I think you might have been more content at a trade school, not University.
They have different goals. Pressure to dumb down the University to serve as
simply a cog feeder for business has always been there.

I have a degree in biochemistry, formal and informal training in computer
science, a minor in English, fluency in a foreign language I learned at
university...and then this silly professional degree.

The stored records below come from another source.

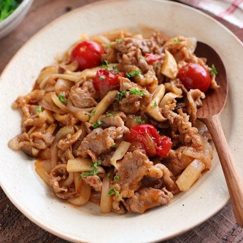 豚こまや自宅にある調味料でパパっと簡単に作れるので、忙しい日にも活躍してくれるはず。濃いめの味付けで、野菜たっぷりのコブサラダとも合いますよ。
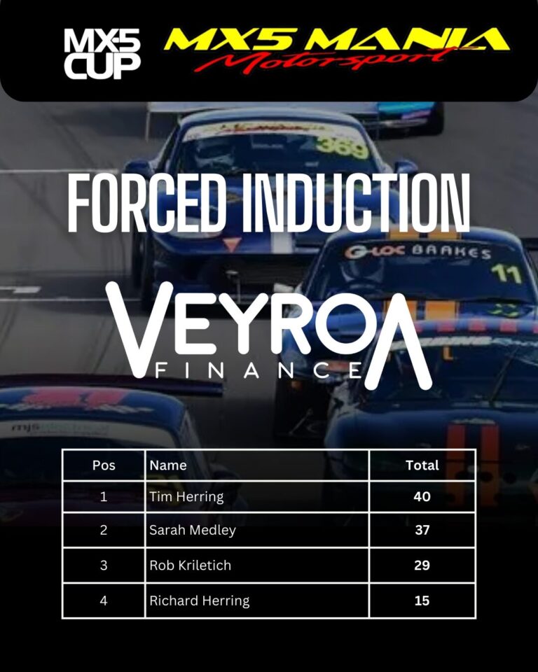 - Forced Induction (Veyron Finance): Tim Herring leads on 40 points, with Sarah Medley close behind on 37
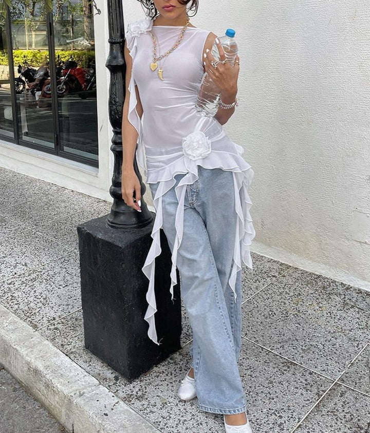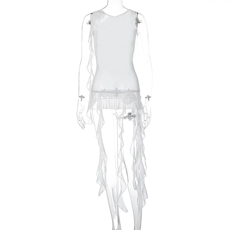 Hulianfu Mesh Sleeveless Backless Solid Tassel See Through Sexy Slim Top T Shirt Autumn Women Kawaii Party Club Halloween
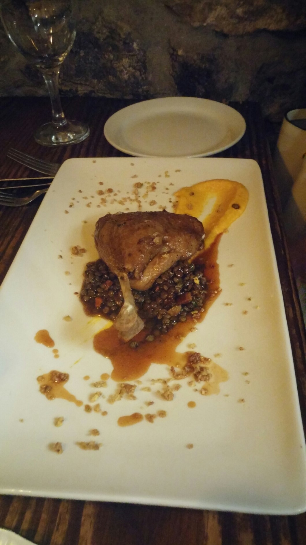 A nice enough wine, if a little limited, it was a bit overwhelmed by the lamb (which was crying out for a good Ribera del Duero – none on list – or Rioja number – I refuse to pay £28 for the Rioja on the list when it can be had for £19 elsewhere in Cardiff). It did, however, work well enough with the duck starter and pork main.

My science and professional degree == the critical thinking skills I frankly
could have obtained, free of charge, learning automotive repair at my local
community college.

Humanities work == understanding and appreciation for how different people(s)
think, exposure to the "why" rather than just the "how", development of a
yearning to create, deep appreciation for the things that make life just a bit
more than our checking accounts: reverence for nature, beauty, compassion,
truth.

And yeah, an ability to think far more critically about things a little
heavier than syntax errors, an ability to weigh evidence, work with these
nebulous, imperfect, non-Platonic things called _people_ , and make correct,
critical decisions that incorporate science, ethics, economics - choosing
harder rights over easier wrongs.

To paraphrase a fellow Dead Poet, there's a _hell_ of a lot of 6 inch pipe to
lay out there. It will pay well. You'll revel in the comforting, solid duality
of pipe and wrench.

You may come to that end pipe cap wondering if that was all.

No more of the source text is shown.